The Petraeus Report, by George W. Bush

Washington Post columnist Dan Froomkin says you should beware of the administration's song and dance over the September report on Iraq.

If lo these many years on we're still buying the White House's line on anything, we are silly. So it should come as no surprise to any of you that the Bush administration will actually write the Iraq progress report due out in September, rather than having General Petraeus produce it as they have said he will so many times.

Petraeus will testify before Congress in both public and private sessions, but the report — which has been hailed as the harbinger of doom or the bellwether of surge success, depending on who you talk to — will be generated by the White House, and I'm sure it will carry all of the spin and vague assertions that we've become accustomed to.
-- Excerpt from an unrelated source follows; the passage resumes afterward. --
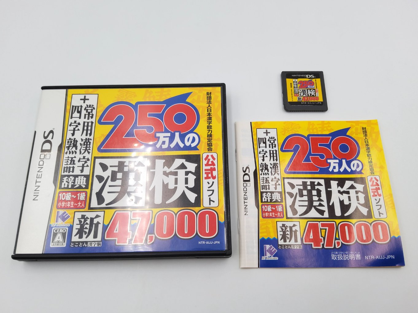 250 Mannin No Kanken De Tokoton Kanji Nou est un logiciel éducatif sorti uniquement au Japon sur Nintendo DS en 2009. Le jeu teste les connaissances du joueur sur la lecture et l’écriture des Kanji, les phrases étant assez simples, il est parfait pour un étudiant en japonais qui désire s’améliorer sur l’écriture des idéogrammes.

Froomkin quotes Talking Points Memo's Greg Sargent in his collection of assertions about how the report would originate from Petraeus, and the revelation that it will not:

Sargent concludes: "The effort to pump up this Petraeus report was all about putting a new public face on the war, in order to separate it from all the people who lied us into it in the first place. But as it turns out, this effort was itself just a continuation of the same old mendacity. In a sane world, this would, you know, cast just a bit of doubt on the credibility of the report itself."

Credibility is hard to come by these days. I would figure that a report from a real general without this kind of micromanagement would have added some credibility to the White House's argument, unless a report from a real general would say all the wrong things.

Keep things like this in mind when you hear other White House arguments about other things, like when they assert that this intelligence, or that report, or this assessment will come from an independent source with independent credibility. You can almost bet that, on the things that really matter like whether we should go to war with Iran, the message will come from the same place as this.